Press Release · Wednesday, December 29, 1999
Press Release: National Archives to Display Emancipation Proclamation Over the New Year's Holiday
Washington, DC. . . To celebrate the new millennium and the 137th anniversary of the signing of the Emancipation Proclamation, the National Archives and Records Administration will display the original signed document in the Rotunda of the National Archives Exhibit Hall from December 29, 1999, through January 2, 2000. President Lincoln signed the Emancipation Proclamation on January 1, 1863.
The National Archives is participating in the New Year's activities on the National Mall with the display of the Emancipation Proclamation. The exhibition is free and open to the public. The National Archives Exhibition Hall, at Constitution Avenue between 7th and 9th Streets, N.W., is open to the public from 10 a.m. to 5:30 p.m. daily except Christmas Day. The Exhibition Hall will be open on New Year's day, January 1, 2000.
President Abraham Lincoln issued the Emancipation Proclamation on January 1, 1863, during the American Civil War, formally proclaiming the freedom of all slaves held in areas still in revolt.
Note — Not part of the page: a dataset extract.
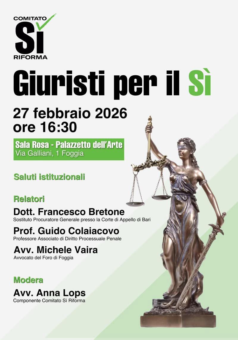 E’ in programma venerdì 27 Febbraio nella Sala Rosa del Palazzetto dell’Arte “Andrea Pazienza” (in via Galliani n. 1) alle ore 16.30 un incontro promosso e organizzato dal Comitato SiRiforma di Foggia, coordinato dall’ing. Raffaele Rosiello e composto da vari professionisti: il dott. Salvatore de Martino, l’avv. Anna Lops, il dott. Michele Spirito, il dott. Paolo Gramazio.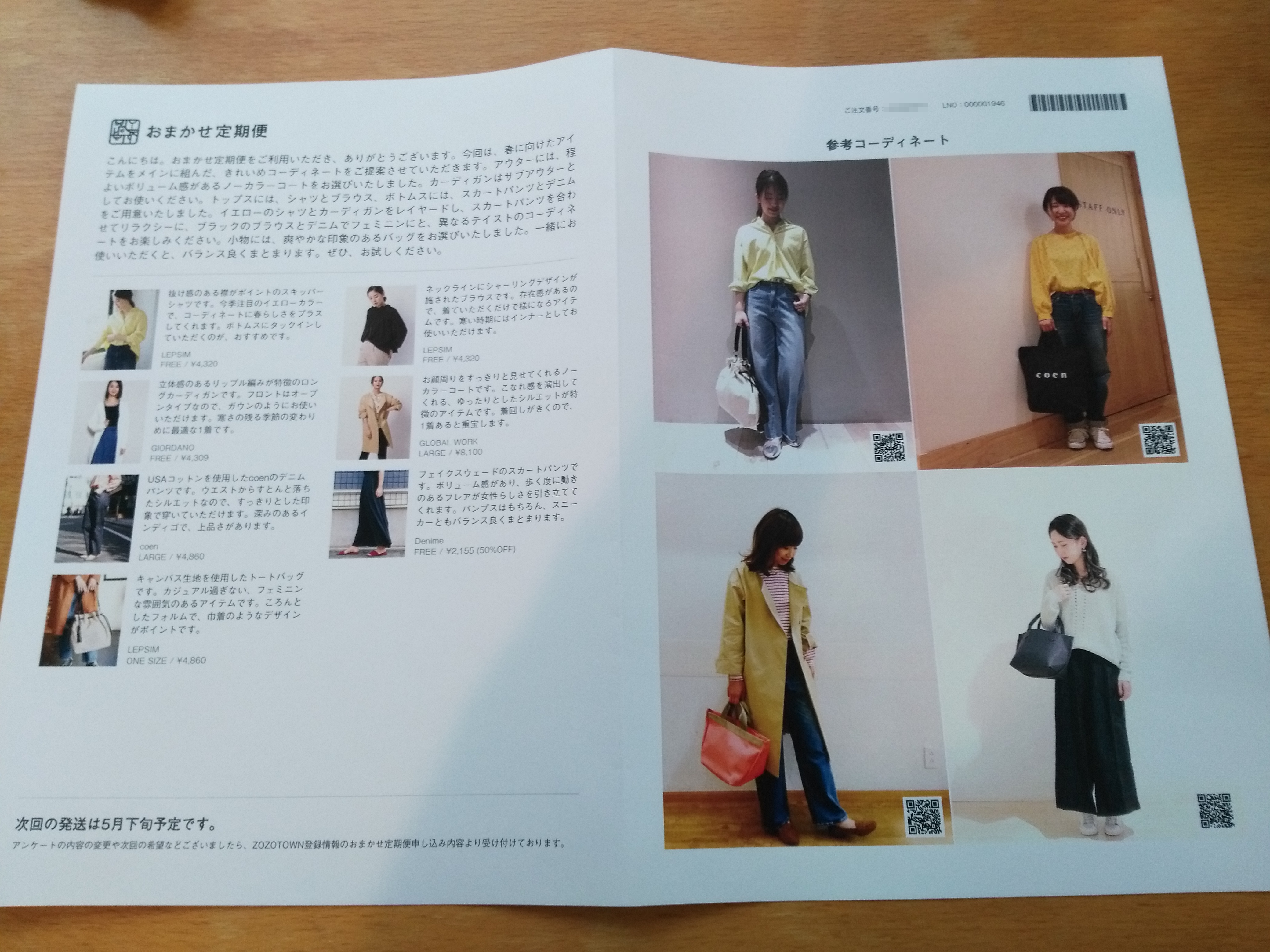 予算を5,000円以内(コートは1万円以内)と低めに設定したので、きちんとしたものが届くか不安だったけど、届いたものはきちんとしたものばかりでした(当たり前)。

The issuance of this Proclamation clarified and strengthened the position of the Union government, decreased the likelihood of European support of the Confederacy and, as the Union armies extended their occupation of the southern states, brought freedom to the slaves in those states. The Proclamation invited black men to join the Union Army and Navy, resulting in the enlistment of approximately 200,000 freed slaves and free black people before the War's end.
Many historians credit the Emancipation Proclamation with changing the character of the Civil War from a struggle to preserve the Union to a crusade for human liberty. It signaled the adoption of emancipation as a fundamental Northern war aim, and as word of this spread through Southern slave communities, the Confederacy was forced to contend with increased internal pressure from its black population. The document's commitment to emancipation, however, did not end the institution of slavery in this country. Nevertheless, the proclamation placed the issue of slavery squarely on top of the wartime agenda. It added moral force to the Union cause and was a significant milestone leading to the ratification of the 13th Amendment to the Constitution in 1865, formally outlawing slavery throughout the nation.
The Emancipation Proclamation linked the preservation of American constitutional government to the end of slavery and has come to take its place with the great documents of freedom.